"Bagaimana besok? Kamu sudah siap ke kampus?" tanya Mas Azam, seakan ingin mengalihkan pembicaraannya tadi.
"Iya siap, Mas!"
"Kalau begitu, cepat tidur biar bisa bangun pagi. Jam 7 harus ada di kampus! Karena setelah itu, aku ada urusan."
"Oke!"
Setelah Mas Azam keluar dari kamarku, aku pun segera menelpon umi. "Halo, assalamualikum, Umi."
"Waalaikumussalam, bagaimana? Sudah nyampe?" tanyanya dari seberang.
"Alhamdulillah, sudah, Mi!"
"Kalau begitu syukurlah. Ya sudah, Umi cuma mau tahu kabarmu saja. Umi tak mau mengganggu malam pertamamu. Selamat menikmati malam pertamamu ya, Sayang!"
Hah?
"Apaan sih Umi, Umi!"
Tut!
Ternyata umi langsung memutuskan sambungan telponnya.
Malam pertama?
Aku bahkan tak merasa sudah menikah!
Mas Azam juga sepertinya tak mau menganggapku istrinya.
Kakak sepupuku itu memang menyayangiku dan sikapnya sampai sekarang masih belum berubah.
Tapi, hanya sebatas itu.
Ya sudahlah, aku masih muda dan masa depanku masih panjang, kayaknya aku juga belum siap jadi istri.
Sekarang, aku mau fokus kuliah dan meraih cita-citaku!
Apalagi aku dan Mas Azam memang sama-sama tidak punya perasaan cinta. Jadi aku akan menjalani takdir Allah ini sesuai arus yang mengalir!
****
Keesokan paginya ...
Sesuai janji Mas Azam, ia akan mengantarkanku ke kampus sekaligus mengurus pendaftarannya. Katanya, aku akan masuk kampus Universitas Erlangga karena aku sendiri tak tahu. Aku memang sangat ingin kuliah, tapi aku tak tahu jika ternyata aku akan kuliah di Kota Pahlawan ini.

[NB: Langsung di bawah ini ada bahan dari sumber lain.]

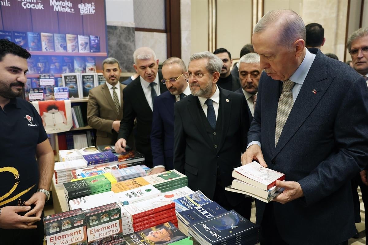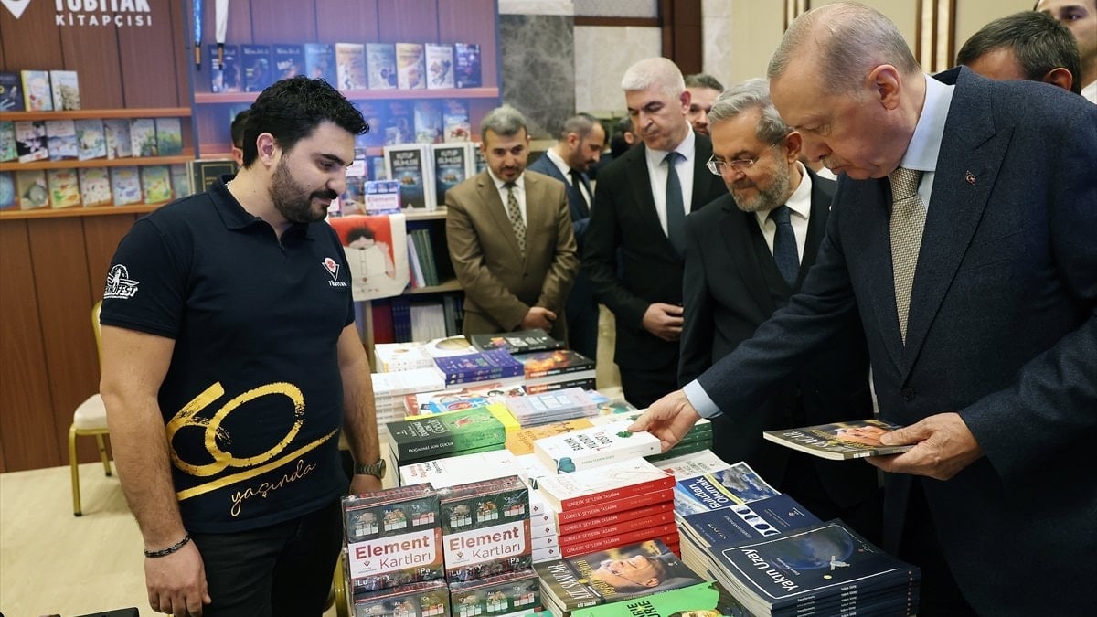 Paylaşımda, Cumhurbaşkanı Erdoğan'ın beraberindekilerle stantları gezerek, kitapları incelediği anlara ilişkin fotoğraflara da yer verildi.

Pagi-pagi, aku sudah siap dengan outfit ala kadarnya, sebagaimana kebiasaanku di desaku. Rok plisket warna mustard dengan atasan warna milo dan jilbab segi empat yang lebar warna senada. Saat aku bercermin, aku sangat bersemangat dan merasa cantik. Ya, meskipun aku tak bisa pake make-up dengan baik, setidaknya aku selalu wajib pakai lip gloss. Alisku termasuk tebal, jadi tak perlu dilukis.
Melihat alisku, aku jadi teringat alis Mas Azam. Iya, meski kami hanya sepupuan, ternyata wajah kami hampir mirip terutama di bagian alis yang sama-sama tebal.
"Apa memang benar kalau berjodoh itu, wajahnya mirip? Tapi, kan kita memang sepupuan, jadi wajar kan, mirip?"
"Cemong, sudah siap belum? Nih, sarapan dulu! Aku sudah masakin kesukaanmu, telur balado!"
Tiba-tiba lamunanku tentang alis Mas Azam ambyar karena teriakannya.
Mas Azam memanggilku dari meja makan yang ternyata dia sudah menyiapkan segalanya.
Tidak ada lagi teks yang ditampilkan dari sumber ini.